Saga Pattern

Why Not Just Use 2PC?

Two-phase commit works when all participants are part of the same system, controlled by the same team, with similar availability targets. Your order service, inventory service, and payment service are all your PostgreSQL databases? Use 2PC.

But in a real microservice architecture, these are separate services run by separate teams, deployed independently, with different databases. The payment service might be a third-party API. The shipping service might go down for maintenance on Tuesdays. Holding distributed locks across all of these while waiting for each to say "yes, I can commit" is fragile. If any participant is slow, every participant is blocked.

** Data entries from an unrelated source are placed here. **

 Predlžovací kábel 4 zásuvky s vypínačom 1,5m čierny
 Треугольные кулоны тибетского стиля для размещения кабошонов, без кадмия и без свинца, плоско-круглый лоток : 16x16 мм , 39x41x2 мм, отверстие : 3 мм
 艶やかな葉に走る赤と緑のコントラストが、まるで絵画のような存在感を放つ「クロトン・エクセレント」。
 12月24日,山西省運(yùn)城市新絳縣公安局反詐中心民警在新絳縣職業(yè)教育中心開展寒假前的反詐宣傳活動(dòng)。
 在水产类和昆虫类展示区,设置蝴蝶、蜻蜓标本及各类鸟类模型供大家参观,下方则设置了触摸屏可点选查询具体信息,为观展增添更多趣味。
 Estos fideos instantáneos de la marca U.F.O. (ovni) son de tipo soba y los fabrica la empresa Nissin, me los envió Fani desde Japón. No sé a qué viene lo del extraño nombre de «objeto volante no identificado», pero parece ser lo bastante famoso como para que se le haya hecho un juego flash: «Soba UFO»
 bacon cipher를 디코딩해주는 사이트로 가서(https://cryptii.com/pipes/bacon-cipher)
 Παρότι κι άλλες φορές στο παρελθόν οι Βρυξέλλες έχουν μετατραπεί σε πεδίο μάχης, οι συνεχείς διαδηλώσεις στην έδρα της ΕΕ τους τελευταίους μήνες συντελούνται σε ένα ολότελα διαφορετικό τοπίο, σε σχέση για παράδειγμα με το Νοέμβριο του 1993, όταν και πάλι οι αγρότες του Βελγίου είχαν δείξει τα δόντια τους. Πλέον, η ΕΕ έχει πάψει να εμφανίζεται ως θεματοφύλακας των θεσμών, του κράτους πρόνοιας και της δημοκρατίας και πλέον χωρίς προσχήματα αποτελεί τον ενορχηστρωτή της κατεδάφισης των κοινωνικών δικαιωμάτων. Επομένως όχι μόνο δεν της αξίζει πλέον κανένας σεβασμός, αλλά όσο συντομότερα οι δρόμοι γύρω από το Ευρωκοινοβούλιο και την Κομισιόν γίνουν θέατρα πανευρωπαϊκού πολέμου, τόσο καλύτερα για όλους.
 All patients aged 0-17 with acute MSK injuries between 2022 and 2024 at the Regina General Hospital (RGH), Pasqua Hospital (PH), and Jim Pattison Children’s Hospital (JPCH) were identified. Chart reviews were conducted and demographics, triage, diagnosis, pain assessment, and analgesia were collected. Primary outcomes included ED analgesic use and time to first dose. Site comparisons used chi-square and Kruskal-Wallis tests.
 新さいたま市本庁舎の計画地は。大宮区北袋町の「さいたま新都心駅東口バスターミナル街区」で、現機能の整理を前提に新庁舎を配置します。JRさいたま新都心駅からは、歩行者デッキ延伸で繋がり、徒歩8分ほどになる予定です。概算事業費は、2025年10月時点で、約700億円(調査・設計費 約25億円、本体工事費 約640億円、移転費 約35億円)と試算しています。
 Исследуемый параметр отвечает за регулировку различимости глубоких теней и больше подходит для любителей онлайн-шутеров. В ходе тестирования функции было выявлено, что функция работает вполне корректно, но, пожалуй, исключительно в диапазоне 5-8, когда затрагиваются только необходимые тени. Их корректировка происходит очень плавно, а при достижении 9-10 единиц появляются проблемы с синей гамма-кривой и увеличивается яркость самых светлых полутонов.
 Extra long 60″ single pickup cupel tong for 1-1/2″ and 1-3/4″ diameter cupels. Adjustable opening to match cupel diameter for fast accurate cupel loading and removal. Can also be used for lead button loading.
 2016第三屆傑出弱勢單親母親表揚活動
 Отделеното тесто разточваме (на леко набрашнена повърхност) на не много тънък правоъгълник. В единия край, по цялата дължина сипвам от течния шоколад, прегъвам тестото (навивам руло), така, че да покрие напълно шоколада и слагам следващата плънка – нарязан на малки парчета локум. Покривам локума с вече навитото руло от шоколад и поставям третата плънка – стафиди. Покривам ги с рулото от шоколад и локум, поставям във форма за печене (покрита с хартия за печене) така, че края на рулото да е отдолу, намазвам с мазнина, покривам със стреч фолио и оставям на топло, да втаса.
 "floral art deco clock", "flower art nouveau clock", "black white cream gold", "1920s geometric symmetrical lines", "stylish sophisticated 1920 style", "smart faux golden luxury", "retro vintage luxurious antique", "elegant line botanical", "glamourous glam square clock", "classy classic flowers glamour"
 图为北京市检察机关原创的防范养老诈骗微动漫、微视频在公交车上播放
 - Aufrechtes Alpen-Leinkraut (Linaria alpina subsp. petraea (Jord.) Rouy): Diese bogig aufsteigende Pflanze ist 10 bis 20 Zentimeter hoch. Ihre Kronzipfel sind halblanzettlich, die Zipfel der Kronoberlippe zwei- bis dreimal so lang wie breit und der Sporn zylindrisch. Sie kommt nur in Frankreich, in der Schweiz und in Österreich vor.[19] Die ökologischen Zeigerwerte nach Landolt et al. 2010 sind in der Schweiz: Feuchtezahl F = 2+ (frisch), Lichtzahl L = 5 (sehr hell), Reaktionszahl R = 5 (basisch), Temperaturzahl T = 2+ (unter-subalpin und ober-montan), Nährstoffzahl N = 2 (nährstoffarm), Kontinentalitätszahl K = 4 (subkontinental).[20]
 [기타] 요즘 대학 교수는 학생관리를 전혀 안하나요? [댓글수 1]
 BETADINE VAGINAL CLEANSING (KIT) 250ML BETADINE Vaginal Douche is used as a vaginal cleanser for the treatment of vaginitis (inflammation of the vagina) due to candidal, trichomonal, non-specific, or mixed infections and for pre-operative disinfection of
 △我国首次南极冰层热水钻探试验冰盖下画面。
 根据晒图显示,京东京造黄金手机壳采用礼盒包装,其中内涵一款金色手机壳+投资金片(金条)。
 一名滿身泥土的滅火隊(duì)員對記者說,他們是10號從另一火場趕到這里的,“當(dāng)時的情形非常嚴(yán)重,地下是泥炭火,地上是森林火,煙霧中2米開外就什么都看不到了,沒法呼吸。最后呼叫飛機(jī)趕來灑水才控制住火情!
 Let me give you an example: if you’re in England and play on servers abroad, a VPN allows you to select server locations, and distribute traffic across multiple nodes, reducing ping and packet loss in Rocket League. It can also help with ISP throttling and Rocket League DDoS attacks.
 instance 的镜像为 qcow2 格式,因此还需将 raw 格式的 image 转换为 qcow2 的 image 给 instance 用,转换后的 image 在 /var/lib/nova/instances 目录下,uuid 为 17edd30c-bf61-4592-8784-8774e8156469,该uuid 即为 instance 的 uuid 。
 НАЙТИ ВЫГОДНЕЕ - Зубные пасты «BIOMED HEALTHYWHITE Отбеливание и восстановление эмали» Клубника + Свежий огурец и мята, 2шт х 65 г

Sagas take a different approach. Instead of locking everything and committing atomically, execute each step independently and roll back on failure using compensating actions. You trade atomicity for availability and loose coupling.

How Sagas Work

A saga breaks a distributed transaction into a series of local transactions. Each local transaction updates one service and publishes an event or notifies the next step. If any step fails, previously completed steps are undone by running compensating transactions in reverse order.

Example: E-commerce order flow

Forward steps:

Order Service: Create order (status: pending)
Inventory Service: Reserve items
Payment Service: Charge customer
Shipping Service: Create shipment

If Payment (step 3) fails:

Compensate Inventory: Release reserved items
Compensate Order: Mark order as cancelled

Each compensating action is a new operation, not a database rollback. The inventory reservation was committed. The compensation is a new transaction that releases it.

Choreography: Event-Driven Sagas

In choreography, there is no central coordinator. Each service listens for events and reacts.

Order Service creates the order and publishes "OrderCreated." Inventory Service listens for "OrderCreated," reserves items, and publishes "InventoryReserved." Payment Service listens for "InventoryReserved," charges the customer, and publishes "PaymentProcessed." Shipping Service listens for "PaymentProcessed" and creates the shipment.

If Payment fails, it publishes "PaymentFailed." Inventory Service listens for "PaymentFailed" and releases the reservation. Order Service listens and cancels the order.

When Choreography Works

Small sagas with 2-3 steps
Simple, linear flows without branching
Teams that own the full flow and can reason about it end-to-end
Systems that already use event-driven architecture extensively

When Choreography Breaks Down

With 6+ services, the event flow becomes a tangled web. Service A publishes events that trigger Service B, which triggers C, which triggers D. Understanding the full flow requires reading event handlers across multiple codebases. Debugging a stuck saga means correlating events across service logs.

Adding a new step means modifying multiple services to listen for new events and publish new ones. Removing a step risks breaking downstream listeners. The coupling is implicit (through event names) rather than explicit (through a workflow definition), which makes it harder to reason about.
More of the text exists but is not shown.